_RECORDS SUPPLIED_.
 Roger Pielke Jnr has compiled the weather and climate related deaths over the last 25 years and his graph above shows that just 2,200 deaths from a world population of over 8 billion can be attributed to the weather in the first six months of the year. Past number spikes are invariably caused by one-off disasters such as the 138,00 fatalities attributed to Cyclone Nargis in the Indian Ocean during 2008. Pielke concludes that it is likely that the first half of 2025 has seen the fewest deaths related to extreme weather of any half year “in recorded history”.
...
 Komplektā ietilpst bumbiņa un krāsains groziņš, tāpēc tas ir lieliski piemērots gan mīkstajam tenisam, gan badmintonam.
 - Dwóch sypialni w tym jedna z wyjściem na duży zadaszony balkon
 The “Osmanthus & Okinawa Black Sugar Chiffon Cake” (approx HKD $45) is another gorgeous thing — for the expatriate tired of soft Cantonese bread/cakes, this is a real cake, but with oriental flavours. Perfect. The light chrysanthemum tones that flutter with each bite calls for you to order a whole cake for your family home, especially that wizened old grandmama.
...
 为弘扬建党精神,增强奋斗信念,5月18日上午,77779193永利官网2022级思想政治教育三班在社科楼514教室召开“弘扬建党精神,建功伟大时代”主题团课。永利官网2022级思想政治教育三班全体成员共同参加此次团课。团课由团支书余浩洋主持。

_WORK ORDER_.
Only lines holding the word "that" belong in the answer; copy each one from the material.

_WRITTEN RESPONSE_.
 Roger Pielke Jnr has compiled the weather and climate related deaths over the last 25 years and his graph above shows that just 2,200 deaths from a world population of over 8 billion can be attributed to the weather in the first six months of the year. Past number spikes are invariably caused by one-off disasters such as the 138,00 fatalities attributed to Cyclone Nargis in the Indian Ocean during 2008. Pielke concludes that it is likely that the first half of 2025 has seen the fewest deaths related to extreme weather of any half year “in recorded history”.
 The “Osmanthus & Okinawa Black Sugar Chiffon Cake” (approx HKD $45) is another gorgeous thing — for the expatriate tired of soft Cantonese bread/cakes, this is a real cake, but with oriental flavours. Perfect. The light chrysanthemum tones that flutter with each bite calls for you to order a whole cake for your family home, especially that wizened old grandmama.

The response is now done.